Le roi porte une épée dans un fourreau richement orné de pierres précieuses. L'arme reste rangée : elle n'évoque pas le combat, mais une puissance maîtrisée, disponible pour défendre, juger et commander.
La couronne du roi repose sur une table fleurdelisée. Dans le portrait d'apparat, elle n'a pas besoin d'être portée pour affirmer la souveraineté : sa seule présence suffit à désigner la fonction royale.
Déposer la couronne permet de conserver le visage entièrement visible et d'éviter qu'elle ne domine le portrait. Le spectateur voit l'homme autant que le souverain. L'autorité paraît alors possédée avec assurance, plutôt qu'exhibée.

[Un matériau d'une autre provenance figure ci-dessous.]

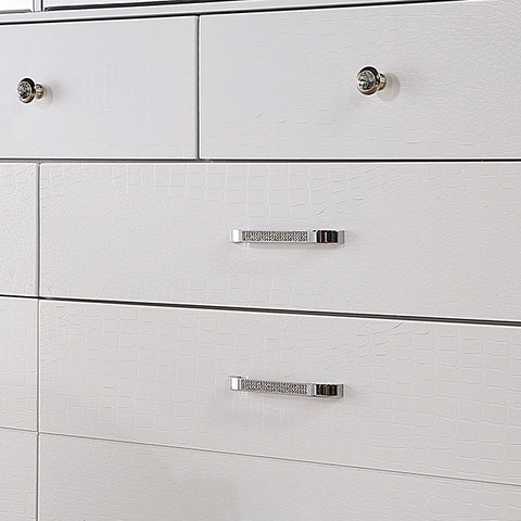 Get the most out of your bedroom with this contemporary style bedroom set. The button tufted leatherette headboard offers unlimited comfort so you can lean into it in any angle. The LED light trim on the headboard adds a tasteful sense of convenience for your nightly reading materials. The decorative mirror accents and ornate bun feet compliment these stylish features and the felt-lined top drawers blend traditional elements well.
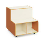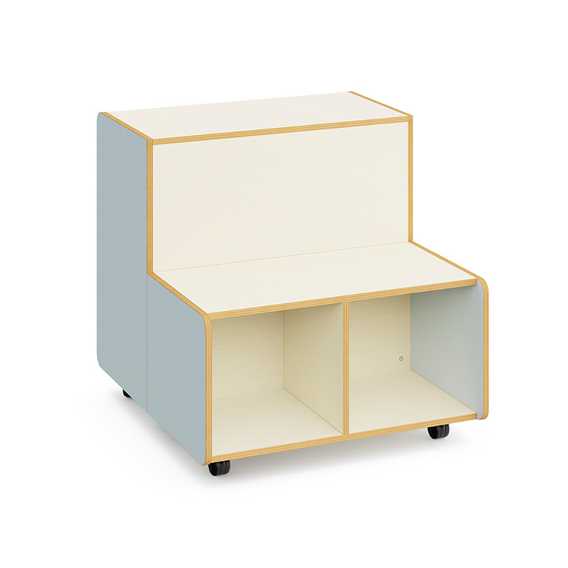 Grada escolar modular Kido con almacenaje y acabado en madera de arce. Cuenta con cuatro asientos y seis espacios de almacenamiento abiertos. Ideal para equipar bibliotecas y aulas en centros educativos, ya que permite crear diferentes espacios de aprendizaje y delimitar áreas.
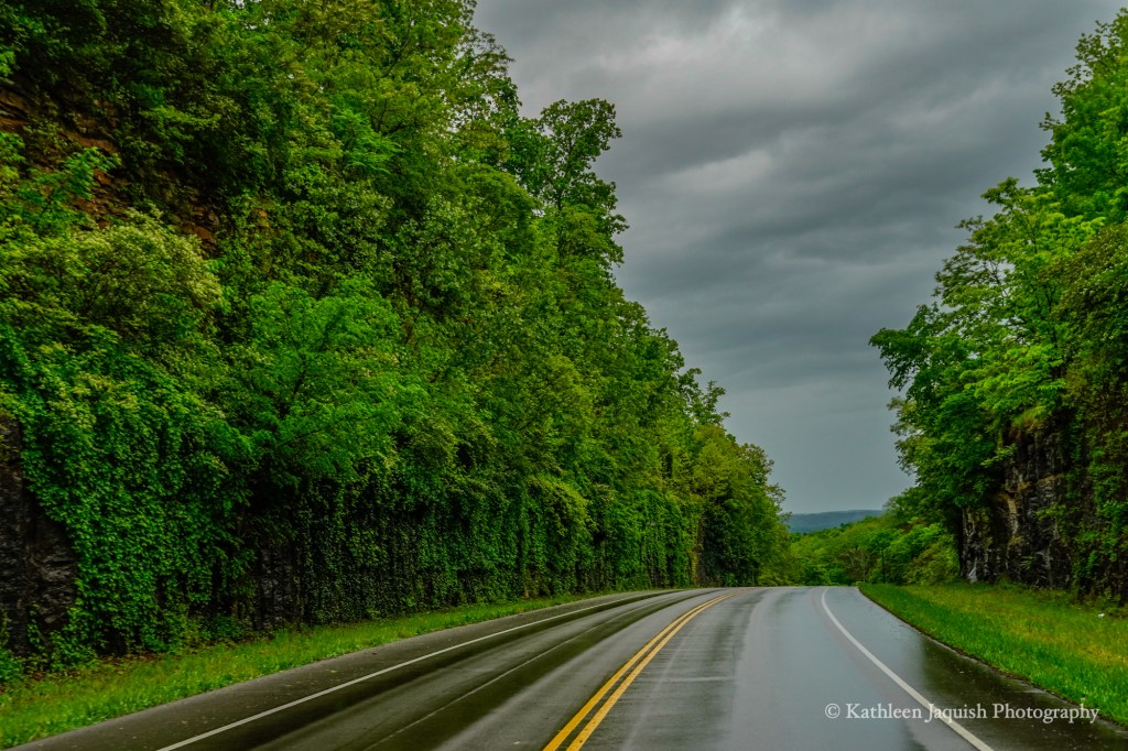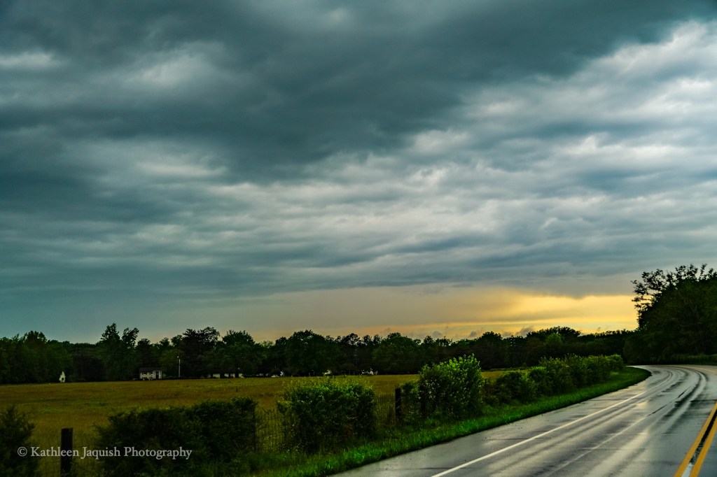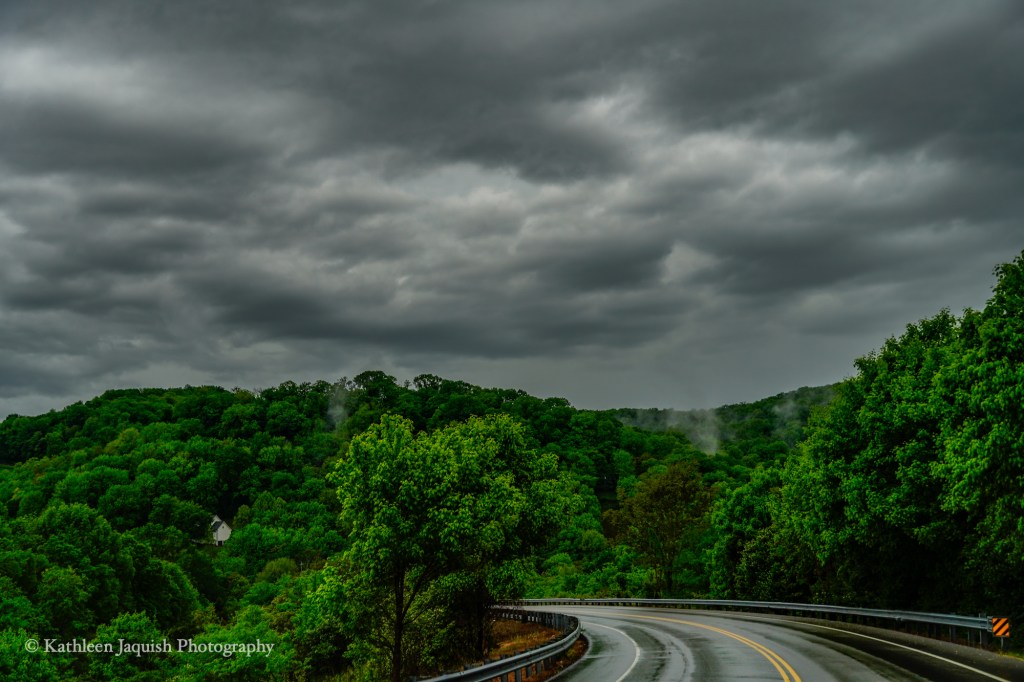 The drive was gorgeous. The dark, moody clouds made the world feel a little sleepy, while small, translucent clouds clung to the sides of the rolling hills.
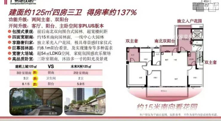 同时还将推出约 110 - 125㎡低密板楼产品,如约 125㎡户型有 4 房 3 卫双主套。

Élodie porte au contraire sa couronne. Ce choix affirme clairement son rang et crée un second point de majesté dans l'image. Elle n'est pas un simple accompagnement : sa présence participe pleinement à l'équilibre symbolique du tableau.

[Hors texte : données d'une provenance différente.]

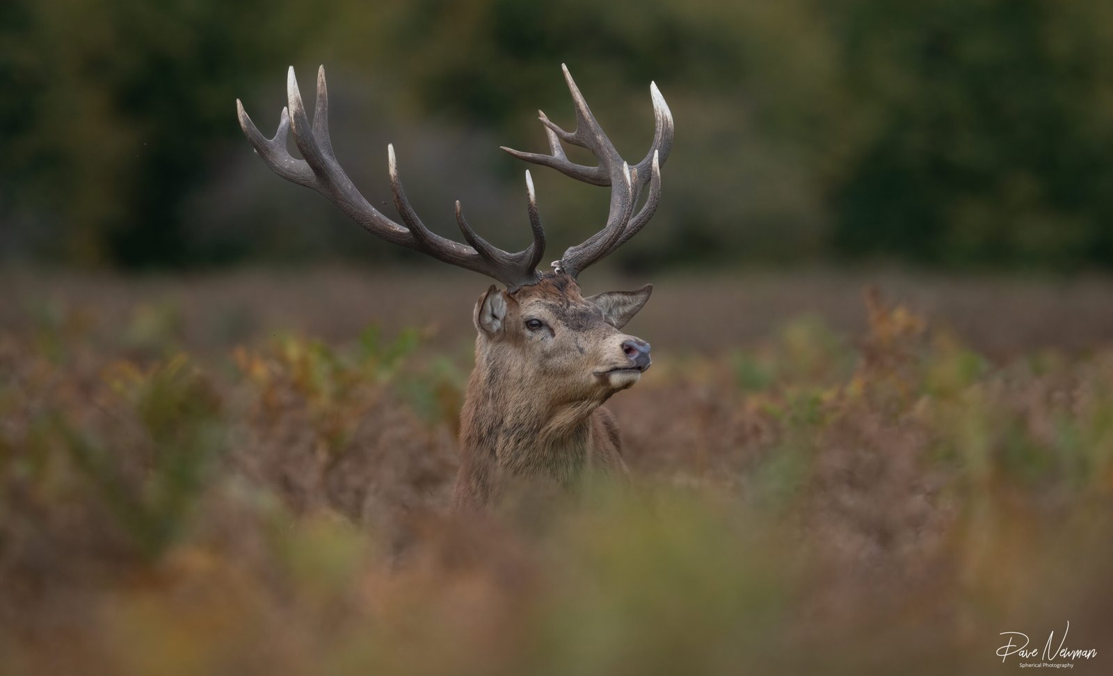Red Stag peeking over the bracken
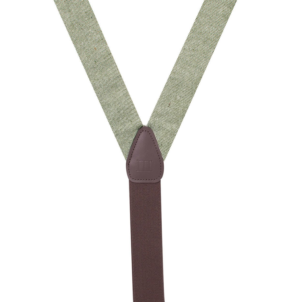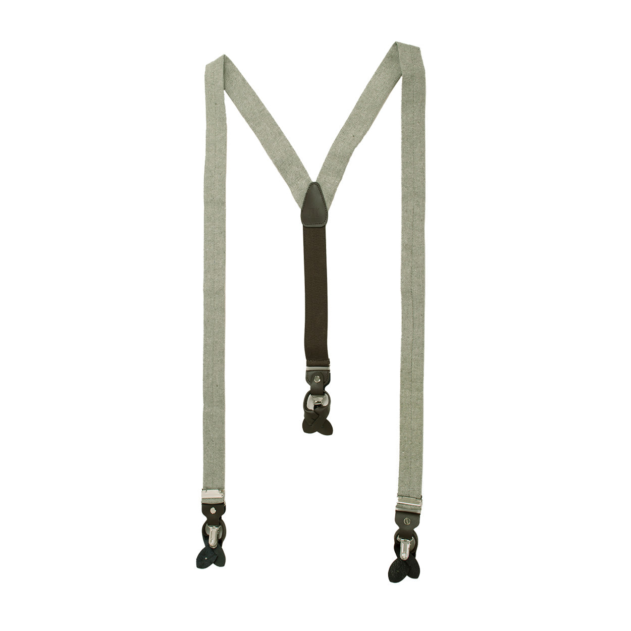 The summer ELANO braces from TRESANTI are made of twill fabric. The straps consist of a linen blend and are finished with brown leather details, giving them a rich, stylish appearance. The ELANO suspenders are available in off-white and green. Pair them with the matching flat cap, baseball cap, or bow tie to complete your outfit.
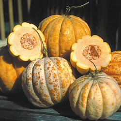 JUGEMテーマ:フルーツ 購入リンク: http://www.marcheaozora.com/?pid=104348006 フランス原産の古代メロン(カンタロープ)で、フランスのマルシェで稀に見かけるまで減ってきた激レア品種です。 「Delice de la table」は「テーブルの喜び」という意味です。 カボチャのような容姿ですが、外見からは想像がつかない程の芳醇な香りで、メロンマニアを虜にする一品です。 フランスの高級レストランではデザートメロンとして知られています。 和名: ドリス・ド・ラ・タブ...

Les portraits royaux représentaient souvent le souverain seul, tandis que la reine faisait l'objet d'un portrait séparé. Les réunir dans une même composition transforme ici le portrait de pouvoir en portrait d'alliance.
La reine regarde directement le spectateur, au premier plan. La proximité des deux figures et le geste du roi sur son épaule suggèrent une lecture contemporaine : celle d'une autorité fondée sur le couple et d'un destin partagé.
Les longs gants blancs prolongent les lignes de la robe et soulignent la retenue de la reine. Ses mains réunies ne portent aucun attribut de commandement : son autorité s'exprime par la présence, la dignité et la maîtrise.
Sur le drapé est brodée la devise lyonnaise :
VIRTUTE DUCE, COMITE FORTUNA« La vertu pour guide, la fortune pour compagne. »
La formule associe le mérite personnel à la chance favorable. Inscrite au-dessus du couple, elle ancre l'œuvre dans la ville de Lyon et propose une lecture morale : la fortune n'a de valeur que lorsqu'elle est guidée par la vertu.
Dans le contexte du portrait, la devise prend aussi un sens conjugal. Elle évoque deux êtres avançant ensemble, guidés par leurs valeurs et accompagnés par la fortune — ou, plus simplement, l'un par l'autre.
À travers Louis XIV, Louis XV, Charlemagne et Napoléon, l'œuvre traverse plusieurs siècles d'imaginaire du pouvoir. Mais son sujet demeure personnel : sous les couronnes et les manteaux, elle célèbre avant tout Élodie et Yoann.
Monumental dans sa forme, le tableau reste intime dans son intention. Il emprunte aux souverains leur solennité, mais remplace la célébration d'une dynastie par celle d'un lien : celui d'un couple élevé, le temps d'un portrait, au rang de légende.